Bone foci may correspond to brown tumours (fibrosa cystica) which can be improved or even cured by resolution of HPT. Foci in the jaws may prompt the research of a rare heritable cause of HPT: HPT-JT.
Some independent information can be derived from the low-dose CT, such as vascular calcifications or the presence of an arteria lusoria, of great importance for the surgeon in case of a right PT [61].
More complete information on the interpretation of the PET/CT the pitfalls may be found in review articles [57,58].

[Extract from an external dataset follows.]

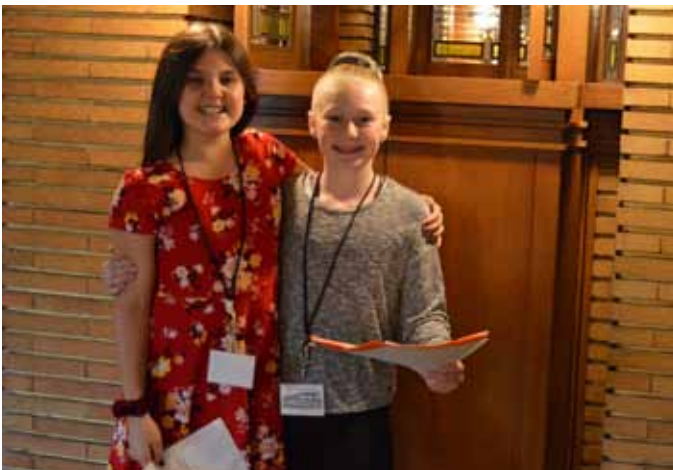
JUNIOR DOCENTS FROM WILLOWRIDGE ELEMENTARY

L-[methyl-11C]methionine: false positive results can occur in case of benign or malignant tumours (including head and neck tumours and thyroid adenoma). False negative results may occur in case of multiple gland hyperplasia, small adenomas, and diffuse thyroid disease [69, 85].
According to its Marketing Authorisation [18F]fluorocholine should be administered to patients without fluid restriction, fasting for at least 4 hours. The utility of this short fast, intended to avoid dilution of the tracer with choline digestive intake, has not been clearly documented.
Patients should be encouraged to drink adequately and urinate as often as possible, including after the examination, to reduce radiation exposure.
In order to avoid accumulation of the tracer at the muscular level, it is recommended to avoid any significant physical activity before the examination and between the injection and the examination.